Cyberthreats are Causing the Most Tension in Fintechs Across the World Find FIS and Oxford Economics

This post was originally published on The FinTech Times

Research conducted by global financial technology firm, FIS in collaboration with Oxford Economics, has revealed the true impact of financial, operational, and technological disharmony, defined as disruptions and inefficiencies across the money lifecycle, on firms in the US, the UK and Singapore.

In two global surveys of a combined 1,000 C-suite business and technology leaders across six different industries, FIS and Oxford Economics found that businesses are losing out on an average of $98.5million a year as a consequence of cyber threats, fraud, regulatory hurdles, and operational inefficiencies.

The Harmony Gap: Finding the Financial Upside in Uncertainty study revealed nine sources of disharmony, with 88 per cent of respondents identifying cyberthreats as the most pressing source of tension, followed by fraud (79 per cent) and regulatory complexities (65 per cent).
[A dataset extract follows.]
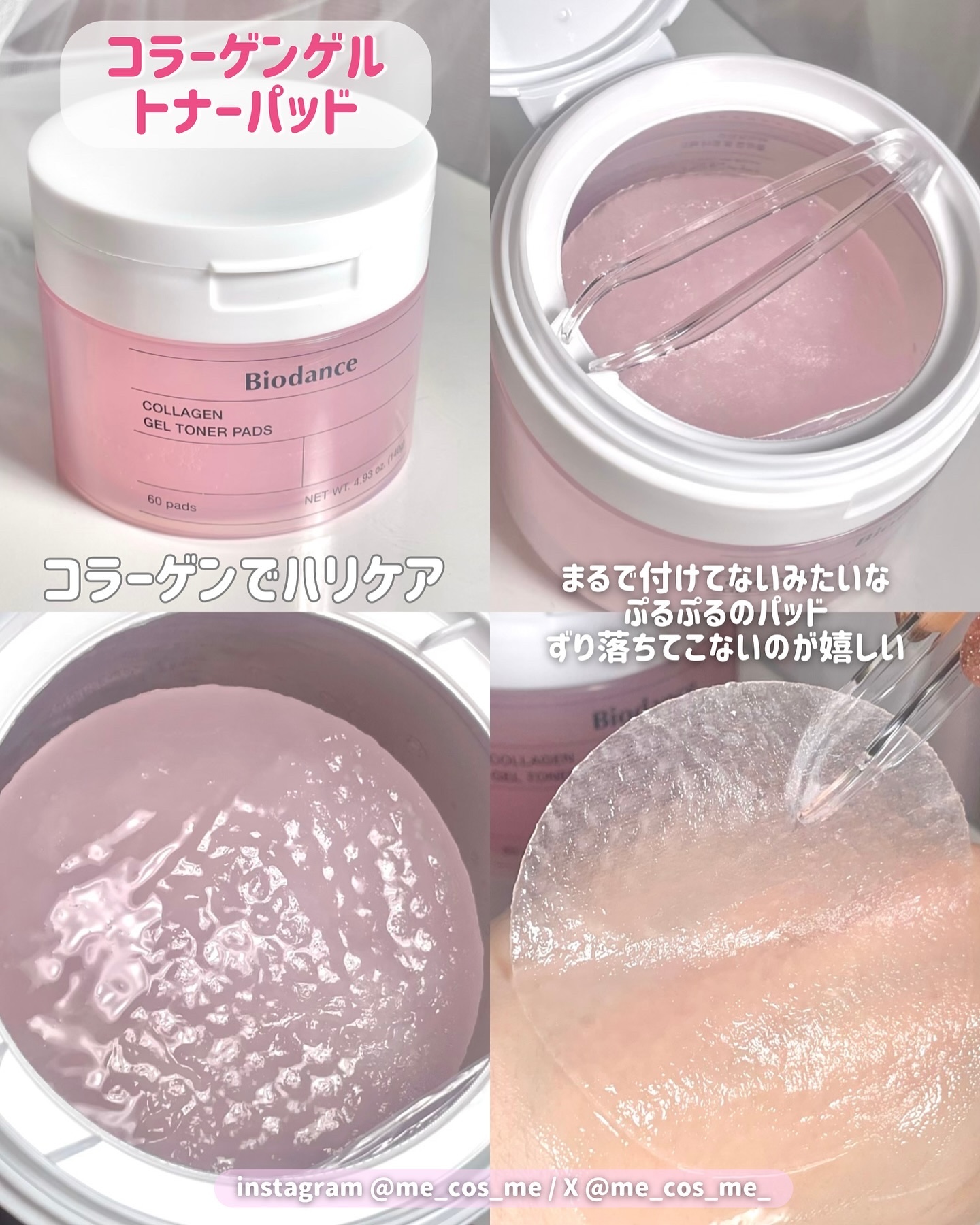 100%リアルゲルパッド。コラーゲン水100,000ppm含有で潤いケア 潤い満タン肌になるような感じ。でもべたつかないので朝にも使いやすいです♪ 特にコラーゲンゲルトナーパッドはゲルが得意なバイオダンスさんならではな感じで,ぜひ体験してほしいです❣️
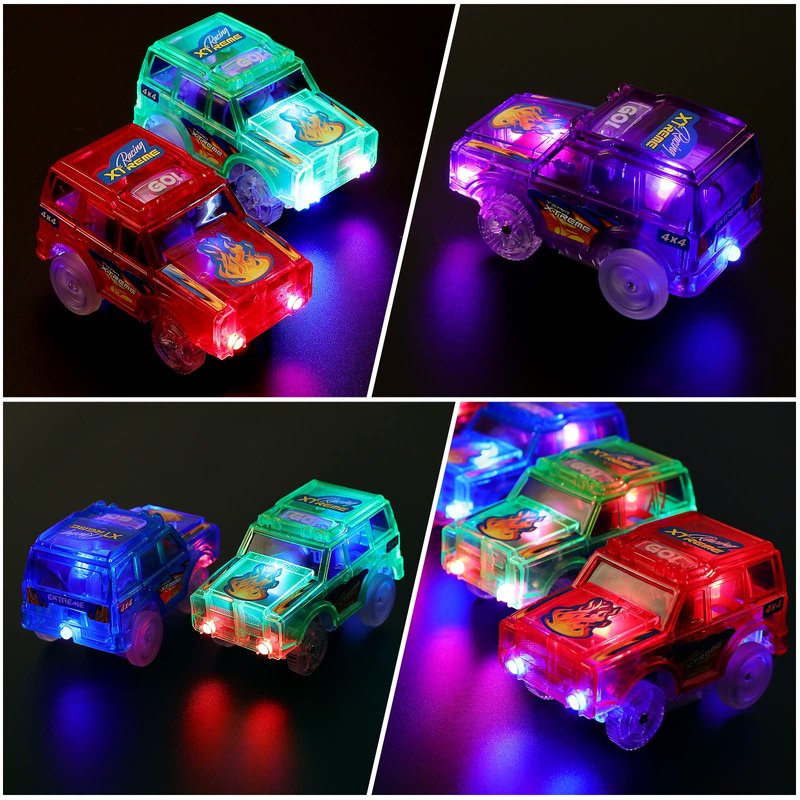 - 🚖【Cool LED Light up Track cars】 - These four cool flexible race track car replacement for magic tracks feature 5 LED lights that kids will be attracted and enjoy it. But for this light up design, plastic has to be thin enough. So these cars had better not hit hard objects or hit walls hard, and do not fall from high places to protect them for long-term usage.

Other tensions identified by respondents were operational inefficiencies, payment friction, human errors, illiquidity, financial technology skills gaps, and reputational damage.

The survey results also shed light on the specific financial technologies that forward-looking organisations are employing to address disharmony in their operations. Over four-fifths (82 per cent) of surveyed leaders said they have implemented embedded finance solutions, realising an average 8.5 per cent growth in sales through these investments.